INFORMATION SUPPLIED Block Start
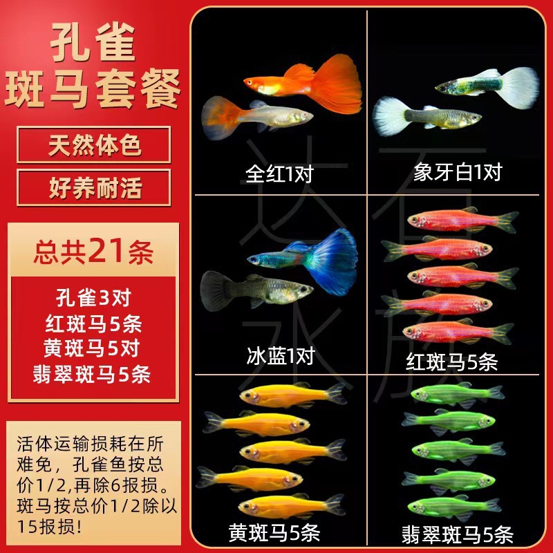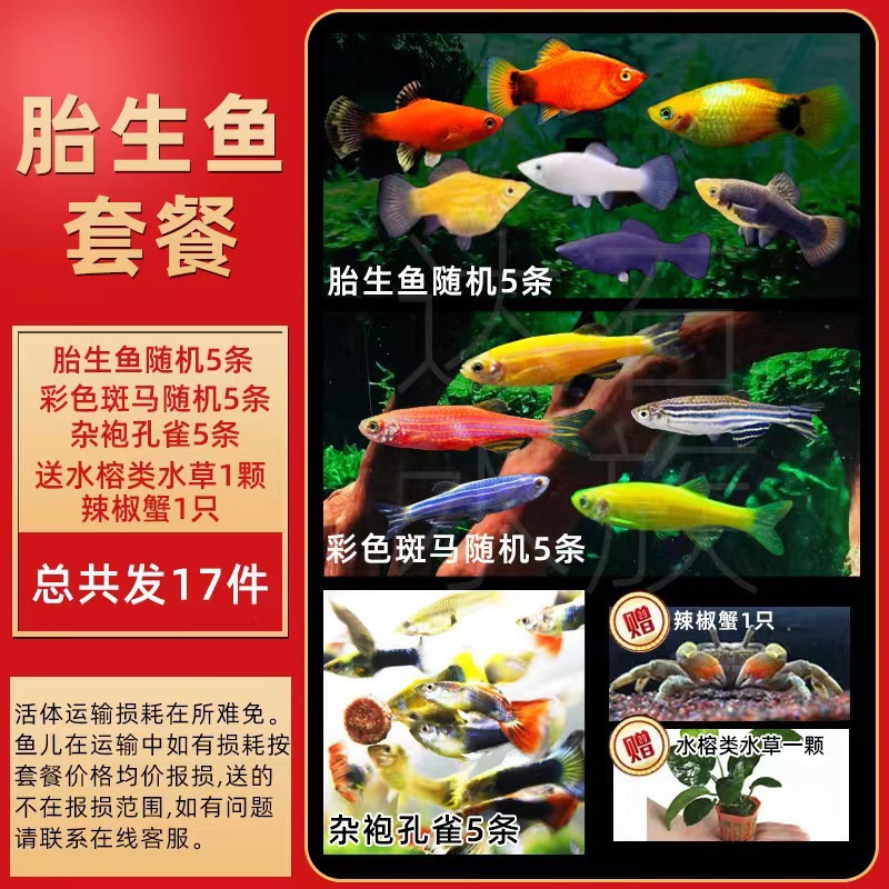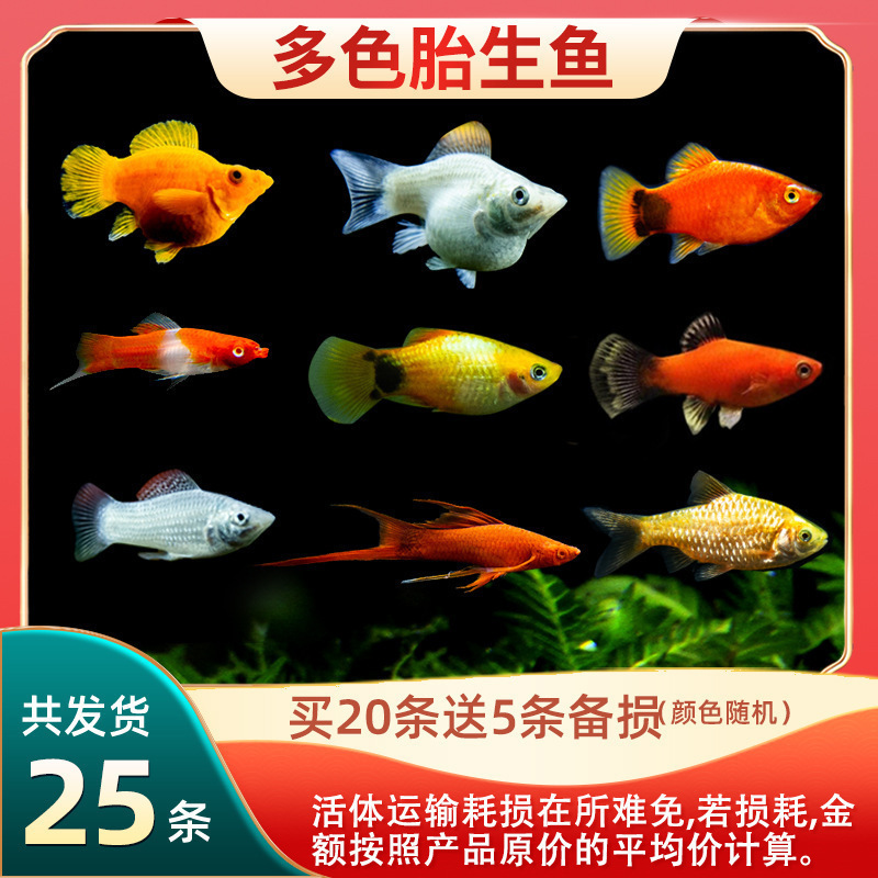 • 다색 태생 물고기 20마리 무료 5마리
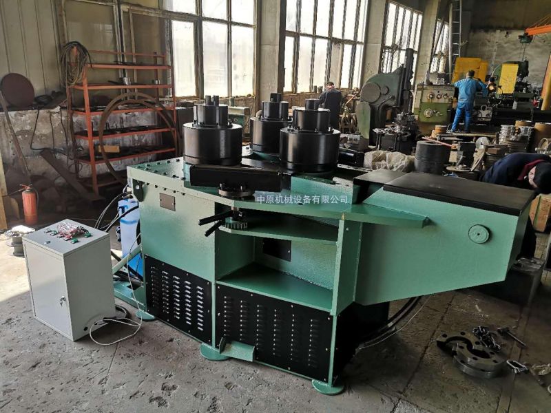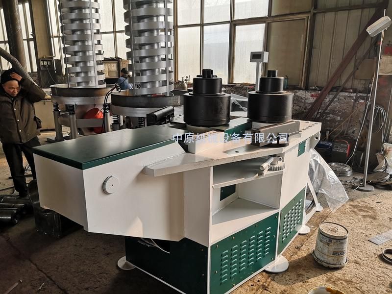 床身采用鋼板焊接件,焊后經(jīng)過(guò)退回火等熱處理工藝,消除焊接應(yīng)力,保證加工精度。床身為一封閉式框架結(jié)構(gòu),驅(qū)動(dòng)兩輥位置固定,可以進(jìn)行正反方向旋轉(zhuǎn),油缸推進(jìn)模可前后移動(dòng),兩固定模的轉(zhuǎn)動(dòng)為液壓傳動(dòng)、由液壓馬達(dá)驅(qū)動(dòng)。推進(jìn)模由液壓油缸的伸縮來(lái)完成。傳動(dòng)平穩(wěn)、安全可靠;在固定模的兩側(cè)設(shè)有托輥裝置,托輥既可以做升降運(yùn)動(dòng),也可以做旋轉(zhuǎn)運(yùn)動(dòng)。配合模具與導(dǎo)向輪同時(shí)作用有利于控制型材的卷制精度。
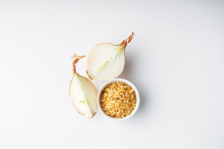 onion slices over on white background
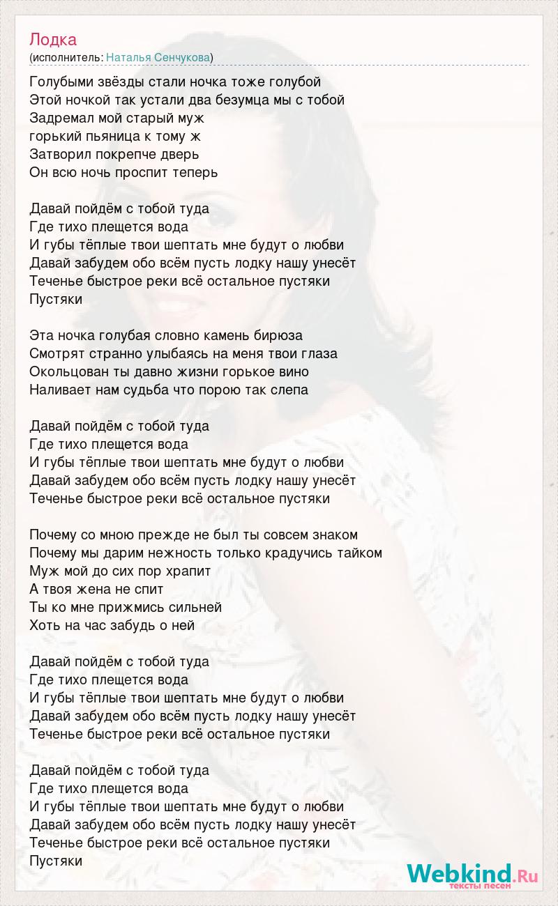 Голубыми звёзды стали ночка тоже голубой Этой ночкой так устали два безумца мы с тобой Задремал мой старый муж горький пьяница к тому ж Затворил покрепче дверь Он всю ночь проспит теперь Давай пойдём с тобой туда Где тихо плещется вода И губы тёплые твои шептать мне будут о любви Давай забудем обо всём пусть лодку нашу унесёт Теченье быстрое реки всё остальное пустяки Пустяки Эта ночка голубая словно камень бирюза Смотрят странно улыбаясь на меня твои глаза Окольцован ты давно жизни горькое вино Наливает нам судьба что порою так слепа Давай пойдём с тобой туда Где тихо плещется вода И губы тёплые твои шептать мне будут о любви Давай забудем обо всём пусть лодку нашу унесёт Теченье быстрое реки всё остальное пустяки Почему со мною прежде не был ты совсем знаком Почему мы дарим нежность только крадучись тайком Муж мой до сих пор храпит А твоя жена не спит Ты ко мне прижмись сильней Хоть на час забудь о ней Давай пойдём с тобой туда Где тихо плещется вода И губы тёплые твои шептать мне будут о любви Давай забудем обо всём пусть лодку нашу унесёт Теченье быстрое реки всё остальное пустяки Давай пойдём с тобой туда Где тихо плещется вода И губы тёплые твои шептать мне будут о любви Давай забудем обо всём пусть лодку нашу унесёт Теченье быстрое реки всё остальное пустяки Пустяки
INFORMATION SUPPLIED Block End
• [ASSIGNMENT]
Every line above gets copied exactly; none of the pictures do.

• [REPLY TO THE TASK]
 • 다색 태생 물고기 20마리 무료 5마리
 床身采用鋼板焊接件,焊后經(jīng)過(guò)退回火等熱處理工藝,消除焊接應(yīng)力,保證加工精度。床身為一封閉式框架結(jié)構(gòu),驅(qū)動(dòng)兩輥位置固定,可以進(jìn)行正反方向旋轉(zhuǎn),油缸推進(jìn)模可前后移動(dòng),兩固定模的轉(zhuǎn)動(dòng)為液壓傳動(dòng)、由液壓馬達(dá)驅(qū)動(dòng)。推進(jìn)模由液壓油缸的伸縮來(lái)完成。傳動(dòng)平穩(wěn)、安全可靠;在固定模的兩側(cè)設(shè)有托輥裝置,托輥既可以做升降運(yùn)動(dòng),也可以做旋轉(zhuǎn)運(yùn)動(dòng)。配合模具與導(dǎo)向輪同時(shí)作用有利于控制型材的卷制精度。
 onion slices over on white background
 Голубыми звёзды стали ночка тоже голубой Этой ночкой так устали два безумца мы с тобой Задремал мой старый муж горький пьяница к тому ж Затворил покрепче дверь Он всю ночь проспит теперь Давай пойдём с тобой туда Где тихо плещется вода И губы тёплые твои шептать мне будут о любви Давай забудем обо всём пусть лодку нашу унесёт Теченье быстрое реки всё остальное пустяки Пустяки Эта ночка голубая словно камень бирюза Смотрят странно улыбаясь на меня твои глаза Окольцован ты давно жизни горькое вино Наливает нам судьба что порою так слепа Давай пойдём с тобой туда Где тихо плещется вода И губы тёплые твои шептать мне будут о любви Давай забудем обо всём пусть лодку нашу унесёт Теченье быстрое реки всё остальное пустяки Почему со мною прежде не был ты совсем знаком Почему мы дарим нежность только крадучись тайком Муж мой до сих пор храпит А твоя жена не спит Ты ко мне прижмись сильней Хоть на час забудь о ней Давай пойдём с тобой туда Где тихо плещется вода И губы тёплые твои шептать мне будут о любви Давай забудем обо всём пусть лодку нашу унесёт Теченье быстрое реки всё остальное пустяки Давай пойдём с тобой туда Где тихо плещется вода И губы тёплые твои шептать мне будут о любви Давай забудем обо всём пусть лодку нашу унесёт Теченье быстрое реки всё остальное пустяки Пустяки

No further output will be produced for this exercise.